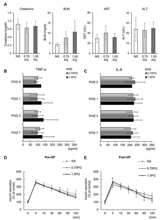 Evaluation of hepatic, renal, systemic inflammatory, and pancreatic endocrine function following intrapancreatic PG injection. (A) kidney function (creatinine, BUN) and liver function (AST, ALT) markers were assessed across experimental groups (NS, 0.75 PG, and 1.5 PG), showing no significant differences between groups. (B) Comparison of serum concentration of TNF-α in each group over time. (C) Comparison of serum concentration of IL-6 in each group over time. (D) Pre-injection comparison of serum levels of insulin at certain time intervals by ELISA after glucose infusion in each group. (E) Post-injection comparison of serum levels of insulin at certain time intervals by ELISA after glucose infusion in each group. Values are presented as mean ± standard deviation of three independent experiments. Abbreviations: 0.75 PG, intrapancreatic injection of 0.75 mM PG; 1.5 PG, intrapancreatic injection of 1.5 mM PG; NS, intrapancreatic injection of 1.8 mL NS; TGF-β1, transforming growth factor-β1.
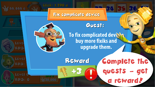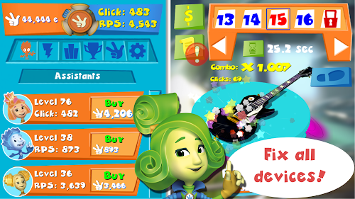 Fix the devices and get golden tideeshes for it. Hire fixies as helpers, train them, develop the talents to fix devices faster. Open new workshops and become Fixi-master!
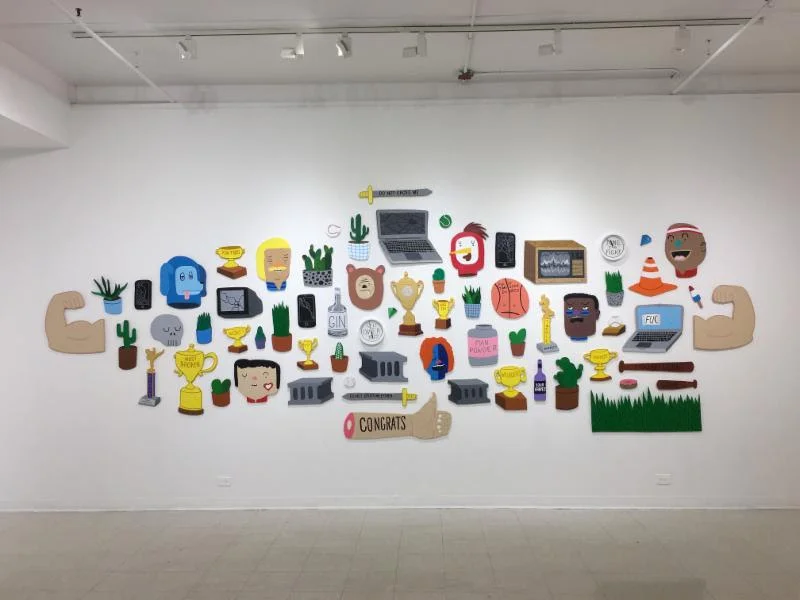 The work being featured comes from Mr. McCool's recent residency at the Boston Center for the Arts. "My residency, and this exhibit, provide a chance for people to celebrate their friends, loved ones, and also themselves. During the workshops people will get a chance to create trophies, pose on top of Olympic-style award podiums, and reflect on our culture's pressure to compete, succeed and get ahead." he said.
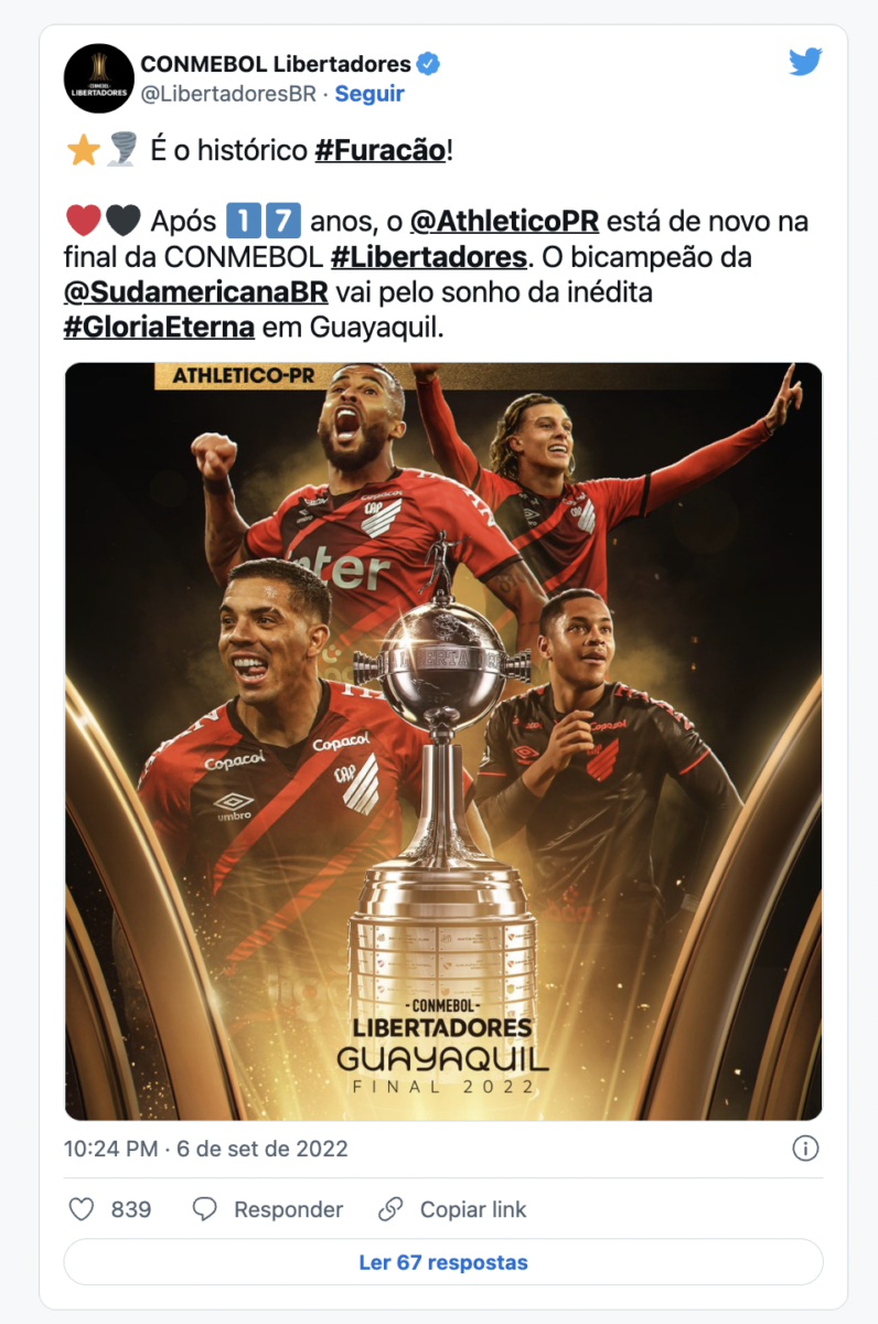 O Athletico frustrou o sonho palmeirense de repetir o São Paulo de Telê Santana, último clube a chegar a três decisões seguidas do torneio sul-americano, entre 1992 e 1994. Pode, ainda, tornar-se o primeiro campeão inédito desde o Atlético Nacional (Colômbia), em 2016, além de o 11º time brasileiro a levantar a taça mais importante do continente.
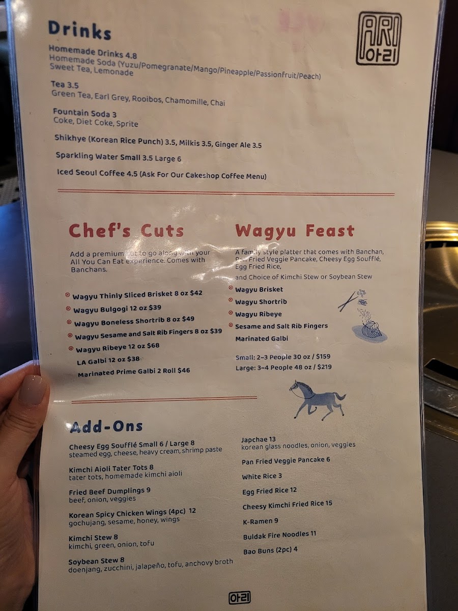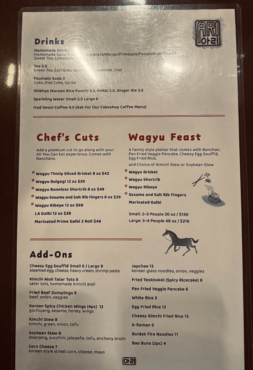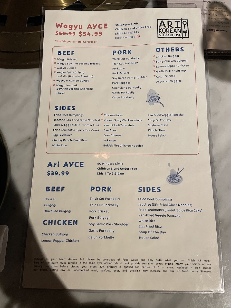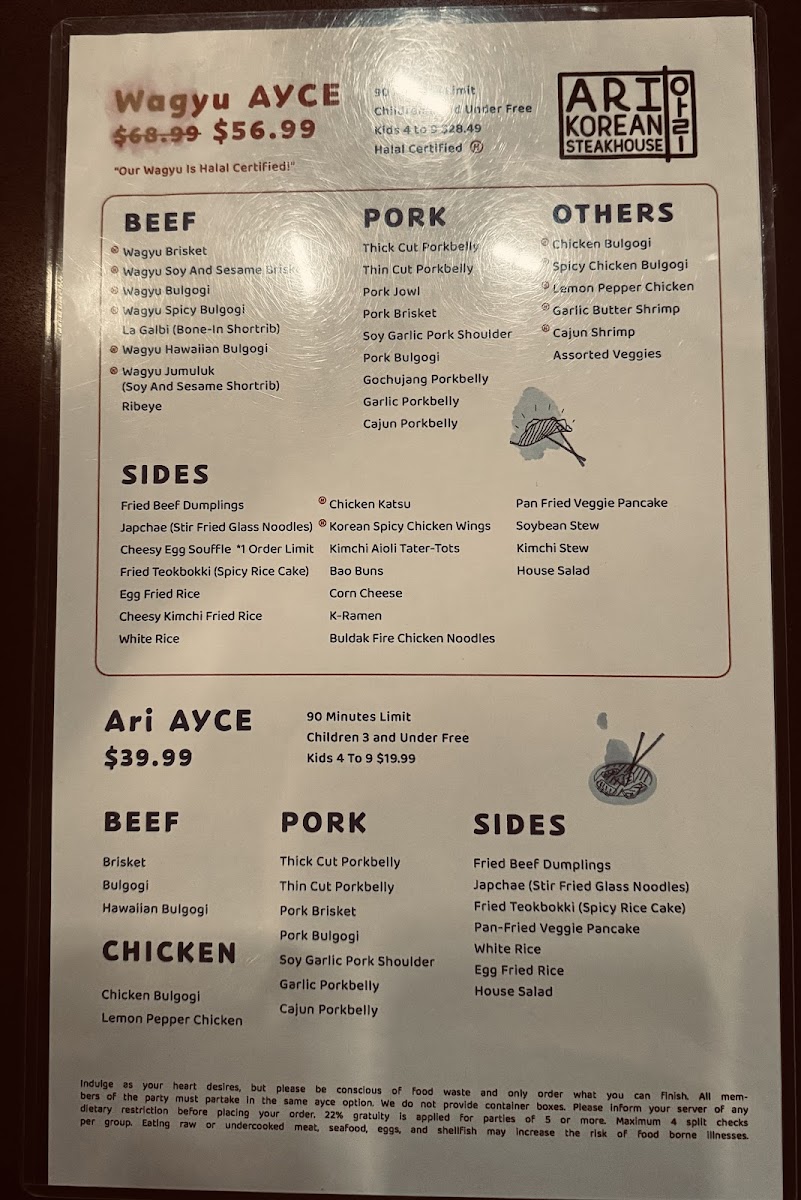 At Ari Korean BBQ & The Cakeshop Menu, you'll experience a delightful blend of authentic Korean BBQ and irresistible cakes, perfect for any occasion. Located in the heart of Johns Creek, Georgia, this spot offers a cozy atmosphere where you can enjoy grilling your own meats right at your table, creating a truly interactive dining experience. Whether you’re in the mood for perfectly seasoned beef, pork, or chicken, the menu delivers a variety of options that cater to all tastes. And don’t forget to leave room for dessert - the Cakeshop features a tempting selection of freshly baked treats that range from decadent cakes to delightful pastries. With a menu that pairs savory and sweet seamlessly, Ari Korean BBQ & The Cakeshop ensures a satisfying meal every time you visit.
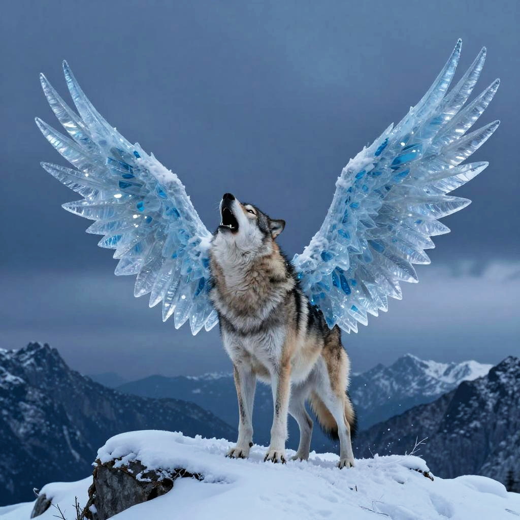 Add wings to photo of a lone wolf howling on a snowy mountain peak, massive translucent blue ice wings extending with shimmering crystalline patterns, cold winter landscape, deep twilight tones evoking mysticism and power in nature.
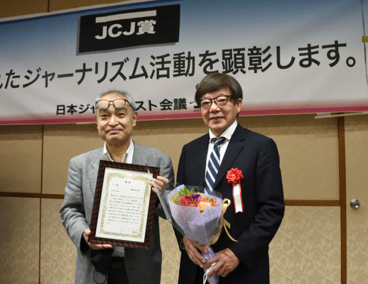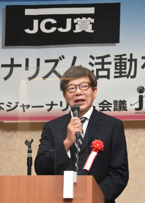 日本ジャーナリスト会議賞の贈賞式で西嶋真司氏は次のようにあいさつした。

--------------------------------------------------

WHAT THIS TASK INVOLVES
Output the material word for word, and keep the pictures out.

RESULT
 Evaluation of hepatic, renal, systemic inflammatory, and pancreatic endocrine function following intrapancreatic PG injection. (A) kidney function (creatinine, BUN) and liver function (AST, ALT) markers were assessed across experimental groups (NS, 0.75 PG, and 1.5 PG), showing no significant differences between groups. (B) Comparison of serum concentration of TNF-α in each group over time. (C) Comparison of serum concentration of IL-6 in each group over time. (D) Pre-injection comparison of serum levels of insulin at certain time intervals by ELISA after glucose infusion in each group. (E) Post-injection comparison of serum levels of insulin at certain time intervals by ELISA after glucose infusion in each group. Values are presented as mean ± standard deviation of three independent experiments. Abbreviations: 0.75 PG, intrapancreatic injection of 0.75 mM PG; 1.5 PG, intrapancreatic injection of 1.5 mM PG; NS, intrapancreatic injection of 1.8 mL NS; TGF-β1, transforming growth factor-β1.
 Fix the devices and get golden tideeshes for it. Hire fixies as helpers, train them, develop the talents to fix devices faster. Open new workshops and become Fixi-master!
 The work being featured comes from Mr. McCool's recent residency at the Boston Center for the Arts. "My residency, and this exhibit, provide a chance for people to celebrate their friends, loved ones, and also themselves. During the workshops people will get a chance to create trophies, pose on top of Olympic-style award podiums, and reflect on our culture's pressure to compete, succeed and get ahead." he said.
 O Athletico frustrou o sonho palmeirense de repetir o São Paulo de Telê Santana, último clube a chegar a três decisões seguidas do torneio sul-americano, entre 1992 e 1994. Pode, ainda, tornar-se o primeiro campeão inédito desde o Atlético Nacional (Colômbia), em 2016, além de o 11º time brasileiro a levantar a taça mais importante do continente.
 At Ari Korean BBQ & The Cakeshop Menu, you'll experience a delightful blend of authentic Korean BBQ and irresistible cakes, perfect for any occasion. Located in the heart of Johns Creek, Georgia, this spot offers a cozy atmosphere where you can enjoy grilling your own meats right at your table, creating a truly interactive dining experience. Whether you’re in the mood for perfectly seasoned beef, pork, or chicken, the menu delivers a variety of options that cater to all tastes. And don’t forget to leave room for dessert - the Cakeshop features a tempting selection of freshly baked treats that range from decadent cakes to delightful pastries. With a menu that pairs savory and sweet seamlessly, Ari Korean BBQ & The Cakeshop ensures a satisfying meal every time you visit.
 Add wings to photo of a lone wolf howling on a snowy mountain peak, massive translucent blue ice wings extending with shimmering crystalline patterns, cold winter landscape, deep twilight tones evoking mysticism and power in nature.
 日本ジャーナリスト会議賞の贈賞式で西嶋真司氏は次のようにあいさつした。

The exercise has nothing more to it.